The book was praised by Thomas Carlyle as the voice of a new revolution in education and economics, and the philosopher Sir William Hamilton spoke of it rallying mankind to great reforms. Charles Sumner had copies made and circulated them in the United States, subsequently persuading Dove to write an article opposing slavery titled The Elder and Younger Brother which appeared in the Boston Commonwealth on 21 September 1853. Despite such praise the book was not a popular success, however some scholarly interest continued. In 1884 Henry George praised the book at a public meeting in Glasgow, and Dove is now seen as a forerunner of the idea known as Georgism.

===Intelligent design===
The index and heading to page 476 uses the words Intelligence – intelligent design, and this is now seen as one of the first uses of the term intelligent design which has lately been revived by an anti-evolution movement. However Dove does not discuss biological evolution, though Vestiges of the Natural History of Creation had brought ideas of transmutation of species to public attention in 1844, and uses the term evolution to refer to the development of "a genuine natural theology". He reasons that intuitive perception of a "primordial force" in the works of nature, if only matter is thought to be objective, leads to pantheism, "the theological credence of a large portion of the scientific men on the continent". This appears to refer to the ideas of natural laws put forward by writers such as Auguste Comte which had influenced the inception of Darwin's theory, a theory which would not be made public until 1858. Dove contends that to achieve a "scientific exit" from pantheism the "primordial force" must be perceived as an intelligent agent, then notes that the adaption of matter for the achievement of ends has been called design, a reference to the natural theology of the day.

==Further work==
Dove moved from Germany back to Edinburgh, where he gave lectures at the Philosophical Institution, the subject in 1853 being Heroes of the Commonwealth. In succeeding years he lectured on The Wild Sports of Scotland and The Crusades. In April 1853 he became captain of the Midlothian Rifle Club, and in 1854 as well as editing the Witness during the illness of a friend, he published the second volume of his treatise, Elements of Political Science. This was followed by Romanism, Rationalism and Protestant in defence of Protestantism. He then wrote the concluding third volume of his treatise which remained unpublished and has been lost.
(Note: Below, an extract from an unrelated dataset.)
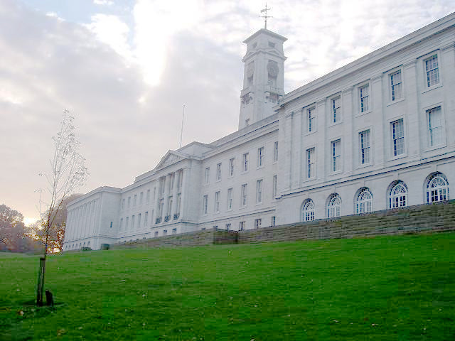 The Trent Building of Nottingham University.

He published The Logic of the Christian Faith, then in 1858 The Revolver which suggests ideas for rifle clubs and defence of the country as well as lamenting the Highland clearances. That year he moved to Glasgow and edited the Commonwealth newspaper as well as the Imperial Dictionary of Biography and jointly edited the Imperial Journal of the Arts and Sciences. He also wrote the Encyclopædia Britannica article on Government and devised a rifled cannon with advantages in range and accuracy, but was unable to afford further testing which the ordnance committee requested. He took command of the 91st Lanarkshire rifle volunteers in 1859 and in the next year won several prizes at the first meeting of the National Rifle Association at Wimbledon Common, but then suffered a stroke causing paralysis. In May 1862 he went to convalesce in the Colony of Natal, South Africa, returning the following April, then died a year later. By this time slavery in the United States had been abolished.